Results of similar enrichment analysis of genes whose expression changed twofold or more from BEC0W to BEC20W (Supplementary Table 5) and BEC40W to BEC60W (Supplementary Table 6), including their biological functions and associated mouse phenotypes and human diseases, along with qRT-PCR confirmation of select genes are shown in Supplementary Figures 1, 2, respectively. The genes that increased in expression between BEC0W to BEC20W are known to participate in biological response to acid injury and various kinds of cellular stress and metabolic activities (Supplementary Figure 1), while those genes that were reduced in transcript levels were involved with the integrity of the extracellular matrix and basement membrane biogenesis and assembly (Supplementary Figure 1).

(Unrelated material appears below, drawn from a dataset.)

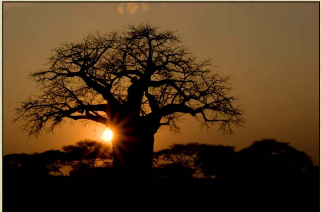
Baobab Tree at Sunset Canon 1D Mark III: Canon 17 - 40

Africa is famous for spectacular sunrises and sunsets. Each day our morning game drive begins before sunrise. On our afternoon game drives, we return to the lodge just after sunset. This gives us the best opportunities to photograph this incredible beauty.

The intuitive model predicted similar gene expression alteration associated with abnormalities in the epidermal–dermal junction morphology and the abdominal wall morphology in the mouse models (Supplementary Figure 1). Similarly, the genes with increased transcript levels between BEC40W to BEC60W were associated with cell cycle and DNA repair (Supplementary Figure 2), while the genes with reduced transcript levels were associated with synthesis of bile acids and bile salts via 24- and 27-hydroxycholesterol (Supplementary Figure 2).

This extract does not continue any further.